**Exercise:**
Using the material below, repeat exactly the lines from the one with "Соберём необходимые ингредиенты" through the one with "Bouvard Teal 5", ends included, without any images.

**Available data:**
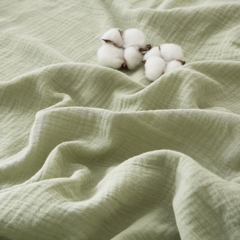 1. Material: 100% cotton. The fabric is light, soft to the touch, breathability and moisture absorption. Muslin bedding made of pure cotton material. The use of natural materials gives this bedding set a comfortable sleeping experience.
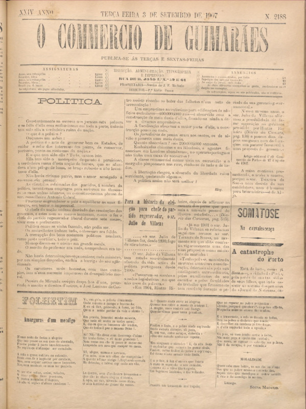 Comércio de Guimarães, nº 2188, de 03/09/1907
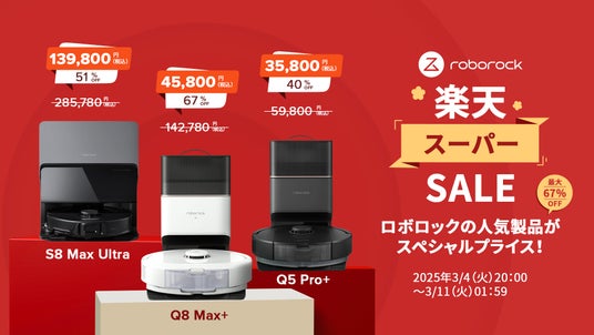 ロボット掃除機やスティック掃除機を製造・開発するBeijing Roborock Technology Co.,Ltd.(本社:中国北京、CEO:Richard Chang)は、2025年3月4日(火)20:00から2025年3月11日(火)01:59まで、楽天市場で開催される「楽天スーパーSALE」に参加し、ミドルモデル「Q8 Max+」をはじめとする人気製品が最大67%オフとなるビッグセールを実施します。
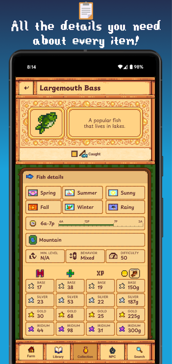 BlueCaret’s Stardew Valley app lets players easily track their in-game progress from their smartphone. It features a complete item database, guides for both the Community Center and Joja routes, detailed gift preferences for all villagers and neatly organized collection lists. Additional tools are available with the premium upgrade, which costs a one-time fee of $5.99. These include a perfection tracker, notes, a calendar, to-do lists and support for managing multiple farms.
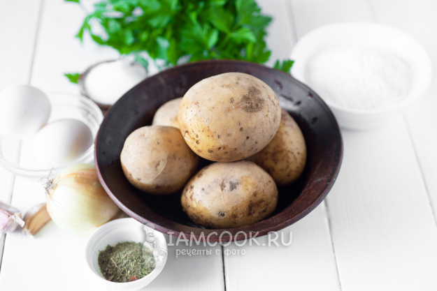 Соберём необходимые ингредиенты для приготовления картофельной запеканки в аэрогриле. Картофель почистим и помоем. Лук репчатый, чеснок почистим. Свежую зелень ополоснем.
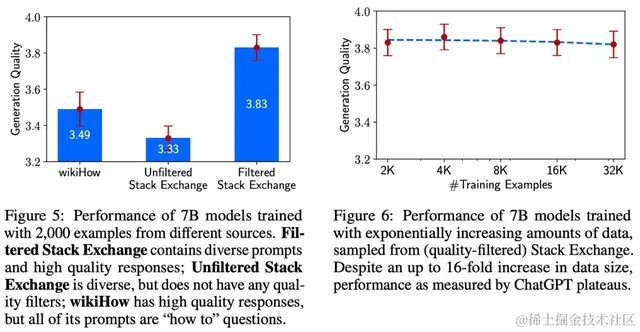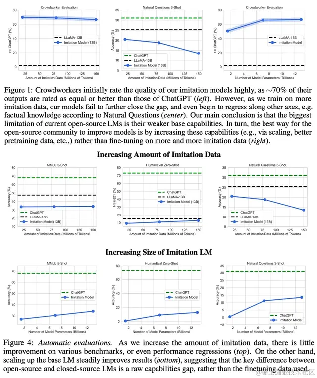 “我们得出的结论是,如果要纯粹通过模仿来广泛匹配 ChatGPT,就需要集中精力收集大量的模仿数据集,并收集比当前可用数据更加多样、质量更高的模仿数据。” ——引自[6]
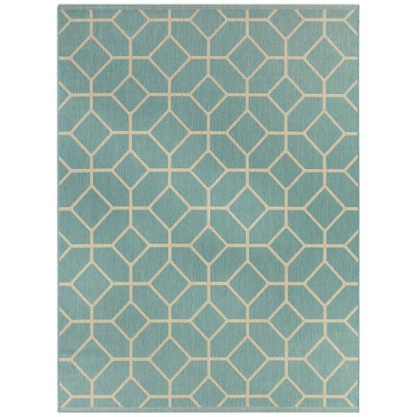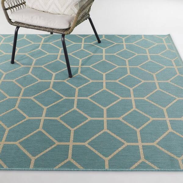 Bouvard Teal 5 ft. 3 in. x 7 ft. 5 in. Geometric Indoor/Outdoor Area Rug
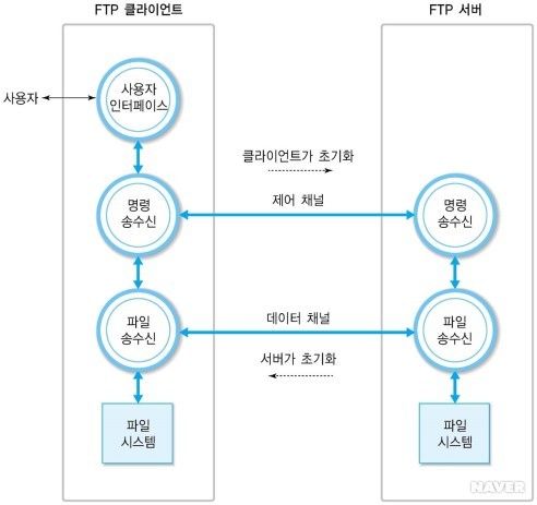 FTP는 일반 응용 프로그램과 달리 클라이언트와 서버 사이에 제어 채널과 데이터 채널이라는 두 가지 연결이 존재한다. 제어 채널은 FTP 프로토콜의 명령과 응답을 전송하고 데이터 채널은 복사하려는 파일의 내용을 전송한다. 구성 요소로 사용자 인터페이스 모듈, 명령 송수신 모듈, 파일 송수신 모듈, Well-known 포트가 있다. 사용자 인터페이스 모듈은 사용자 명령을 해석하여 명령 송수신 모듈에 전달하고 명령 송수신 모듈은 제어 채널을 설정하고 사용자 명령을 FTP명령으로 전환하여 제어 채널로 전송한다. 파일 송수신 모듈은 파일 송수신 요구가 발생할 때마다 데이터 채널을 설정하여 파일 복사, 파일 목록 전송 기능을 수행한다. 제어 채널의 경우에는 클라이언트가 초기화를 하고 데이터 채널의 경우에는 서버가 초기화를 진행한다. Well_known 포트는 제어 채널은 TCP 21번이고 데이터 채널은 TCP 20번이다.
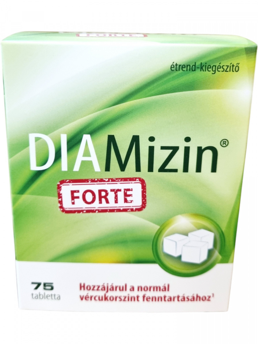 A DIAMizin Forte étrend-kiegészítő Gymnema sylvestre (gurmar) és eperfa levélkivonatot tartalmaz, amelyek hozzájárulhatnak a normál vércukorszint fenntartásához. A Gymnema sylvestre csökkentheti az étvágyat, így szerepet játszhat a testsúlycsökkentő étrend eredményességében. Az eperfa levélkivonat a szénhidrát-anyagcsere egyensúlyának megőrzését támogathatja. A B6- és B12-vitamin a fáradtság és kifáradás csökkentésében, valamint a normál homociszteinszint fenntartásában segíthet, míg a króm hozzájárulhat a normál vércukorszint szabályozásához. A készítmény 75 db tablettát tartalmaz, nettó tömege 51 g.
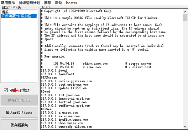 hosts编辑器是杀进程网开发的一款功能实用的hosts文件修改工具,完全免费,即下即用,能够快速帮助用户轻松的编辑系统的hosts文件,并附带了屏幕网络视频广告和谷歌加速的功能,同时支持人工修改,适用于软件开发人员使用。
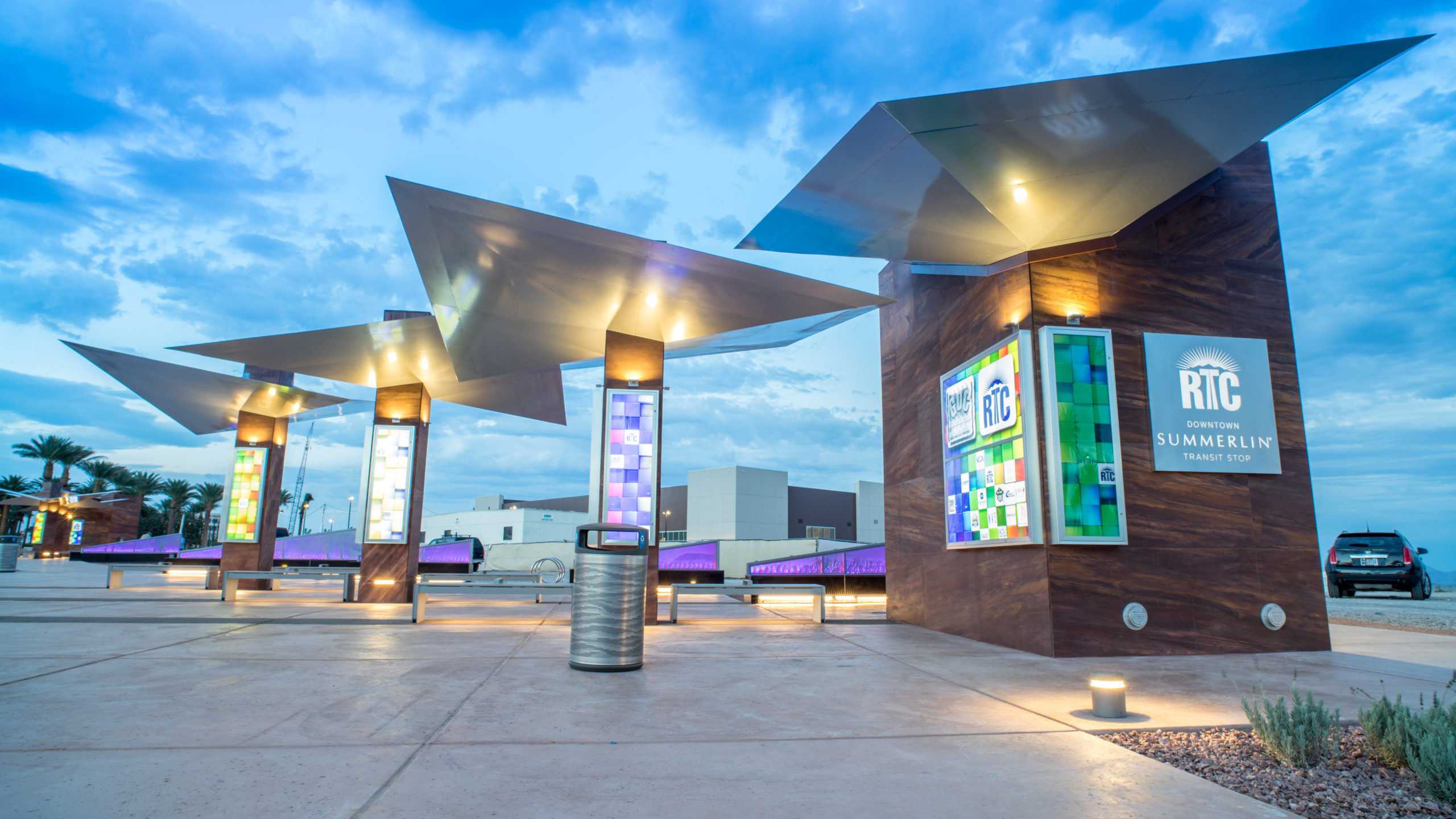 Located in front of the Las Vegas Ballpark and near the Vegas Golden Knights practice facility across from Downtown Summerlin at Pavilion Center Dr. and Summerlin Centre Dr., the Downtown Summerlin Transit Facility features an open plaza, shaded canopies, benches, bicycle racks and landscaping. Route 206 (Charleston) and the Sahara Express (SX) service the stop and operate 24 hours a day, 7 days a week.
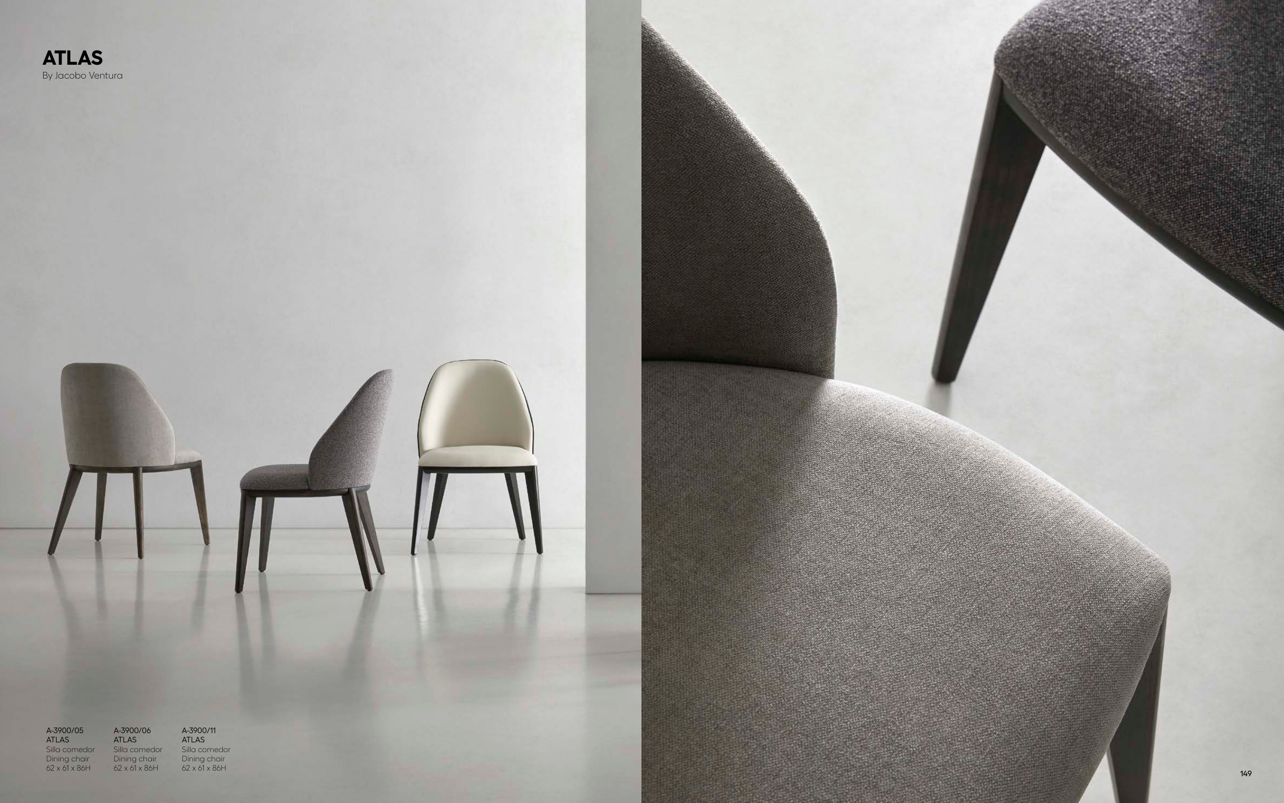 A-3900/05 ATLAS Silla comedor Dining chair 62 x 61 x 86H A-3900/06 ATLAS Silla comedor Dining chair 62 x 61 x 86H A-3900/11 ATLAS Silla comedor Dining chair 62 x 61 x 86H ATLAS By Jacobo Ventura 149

**Solution to the exercise:**
 Соберём необходимые ингредиенты для приготовления картофельной запеканки в аэрогриле. Картофель почистим и помоем. Лук репчатый, чеснок почистим. Свежую зелень ополоснем.
 “我们得出的结论是,如果要纯粹通过模仿来广泛匹配 ChatGPT,就需要集中精力收集大量的模仿数据集,并收集比当前可用数据更加多样、质量更高的模仿数据。” ——引自[6]
 Bouvard Teal 5 ft. 3 in. x 7 ft. 5 in. Geometric Indoor/Outdoor Area Rug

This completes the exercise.